Impeachment, the first step in ousting a president, is a political sanction — and provocation — like no other. In a country already blazing with animosities, the mere prospect was like adding matches and several buckets of gasoline.
The facts — a Trump phone call seeking “a favor” from Ukraine’s leader, a president reaching overseas to excavate dirt on Democratic rival Joe Biden, foreign aid possibly held up as leverage — were fuzzy to most. Indeed, in dozens of interviews from Winooski, Vt., to Southern California, the Democratic move on Capitol Hill seemed not to change very many minds; opinions were formed a long time ago.
For those opposed to the president, the effort to impeach was a long-awaited and much-belated reckoning.
“I feel like we all knew this is what happened with Russia,” Alex Worthy said of interference that helped cost Democrat Hillary Clinton the 2016 election, “and we couldn’t get the evidence and now have it.”
The 28-year-old Democrat, a Laguna Hills, Calif., attorney, was rooting for impeachment even before the Ukraine scandal broke.
“I’m sure he’s done some good things,” she said of Trump, citing the robust stock market. But she called him a poor “representation of who we are as Americans. His blatant disrespect for people is sad to see.”
For supporters of Trump, the Democratic investigation was a continued attempt to delegitimize a president whose unconventionality and shattering of political norms — like welcoming foreign intervention to boost his reelection effort — has always been a strong part of his appeal.

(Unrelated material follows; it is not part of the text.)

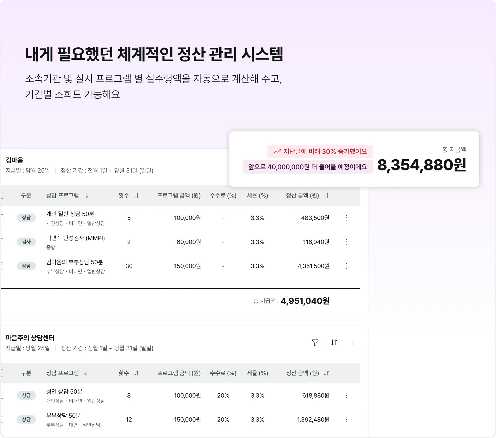 마음주의 Hub: 센터 및 구성원 관리, 계정 권한 설정, 급여 정산, 통계, 상담사 자동 추천까지!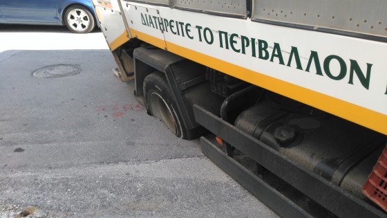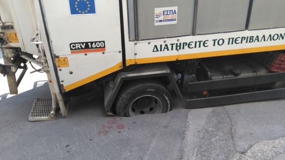 Μέσα σε μια… τρύπα στη μέση του δρόμου “βούλιαξε” η ρόδα ενός απορριμματοφόρου στον δήμο Κοζάνης.

Becky Hinkle not only sees impeachment as unwarranted, but a sad ploy to try to boost Democratic prospects in 2020.
“It really hurts the United States and the people and divides us,” said Hinkle, 65, a Republican who was meeting with friends in Long Beach, Calif., to plan a Lake Arrowhead getaway. (Business for the Glendale real estate agent is so strong and the economy in such great shape she’s struggled to fill a position paying $50,000 a year. “Let me tell you,” she said, “I can’t find any employees to hire.”)
Not everyone, however, fell back on customary partisan positions, or allowed their personal feelings toward Trump to sway their stance on impeachment.
Ronald Kelley, a lifelong Republican who refused to vote for Trump — the first time he ever failed to cast a presidential ballot — said he has long favored the president’s ouster.
“He feels like he doesn’t have to play by any rules,” Kelley, a 71-year-old retired Delta Airlines employee, said of Trump.
“You can’t just do what you want to do. What gets me is that they’re issuing subpoenas to testify (before Congress) and he’s telling people not to talk. It’s an abuse of power!” Kelly said as he strolled across the town square in McDonough, Ga., a rural but fastgrowing county about 25 miles southeast of Atlanta.
As the Winooski River gushed over rapids on a sparking fall afternoon in Vermont, urban planner Sarah Pelkey greeted the news of the impeachment investigation with ambivalence.
A political independent, she is no fan of the president. “There’s so much negativity ... the way he speaks to his constituents, foreigners,” said Pelkey, pausing to photograph intersections in Winooski for a city signage project.
But impeachment is “just more noise” from Washington, said Pelkey, who would prefer to see Trump ousted via the ballot box in November 2020.
For the most part, though, the start of a formal impeachment inquiry seemed to merely ratify what Trump-lovers and Trump-haters have believed all along.